= Do512 =

Do512 is a localized event listings website featuring concerts, drink specials, and other arts and culture events in Austin, Texas. The site typically features 1,000 to 1,500 events per week, and receives around 250,000 unique visitors each month. In 2012 it was named "Best Local Entertainment Website" by The Austin Chronicle.

In 2009 the founders created a spin-off company, DoStuff Media, LLC, which powers a network of similar event listings websites in major cities across North America.

==History==

Do512 was founded in 2006 by Jimmy Stewart and Scott Owens as a resource for finding happy hours in Austin, Texas. The site’s URL, Do512.com, was picked as an homage to the city of Austin’s telephone area code. Since launch the website has expanded to include other types of lifestyle and entertainment events.

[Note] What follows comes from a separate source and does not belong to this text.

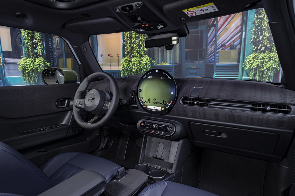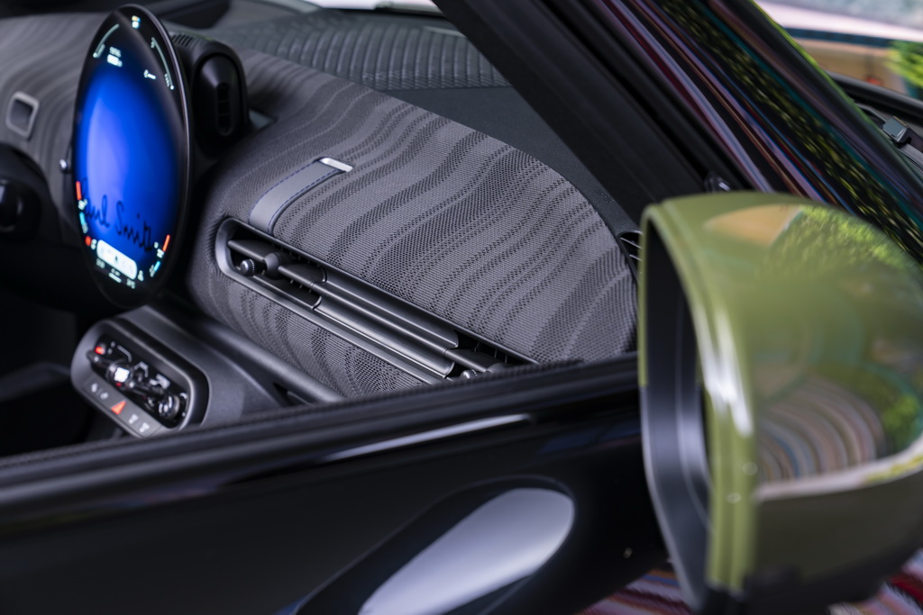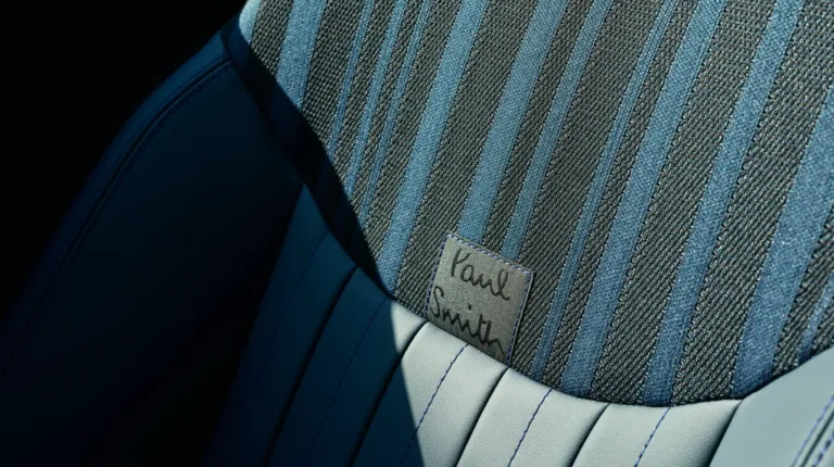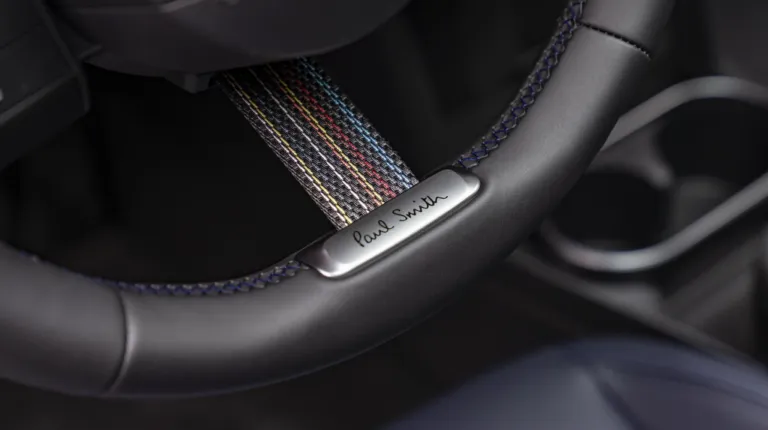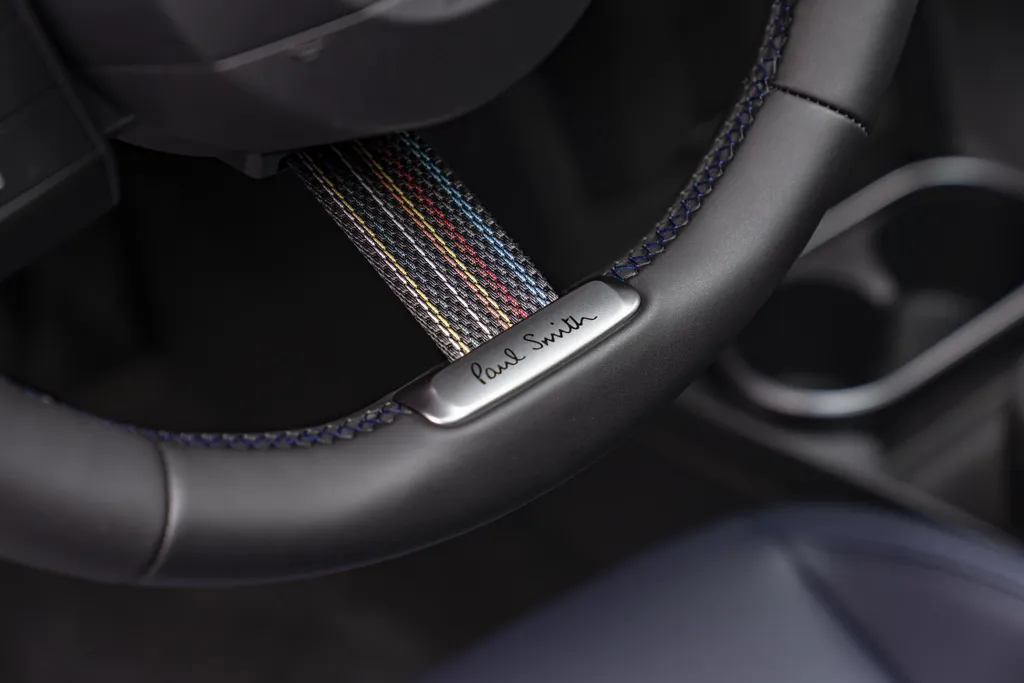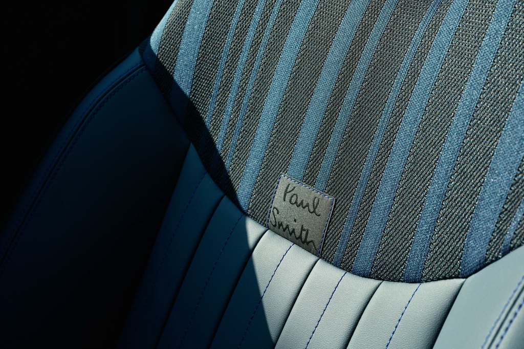 Внутри появились спортивные сиденья цвета Nightshade Blue, сочетающие искусственную кожу Vescin с двухцветной текстильной верхней частью. Также для отделки приборной панели и дверных панелей используется тканевая отделка с оригинальным рисунком, а рулевом колесо украшено декоративным орнаментом. Завершают список особенностей эмблемы Paul Smith и стилизованного кролика на ковриках.
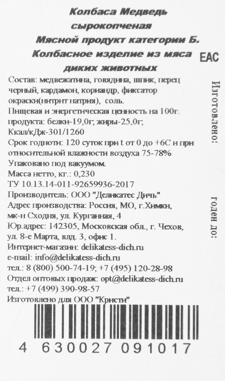 Колбаса Деликатес дичь медведь сырокопченая, 230г

In 2009 Owens and Stewart launched a spin off company, DoStuff Media LLC., to license their event listing technology to similar websites outside of Austin. DoStuff Media currently powers websites in several major cities around North America including New York, Los Angeles, Chicago, San Francisco, Indianapolis, Nashville, Louisville, and Toronto.

By 2011 Do512 was reporting 4.6 million page views and 780,000 unique visitors per year. In 2013 Do512 reported earning $1 million in revenue for the first time.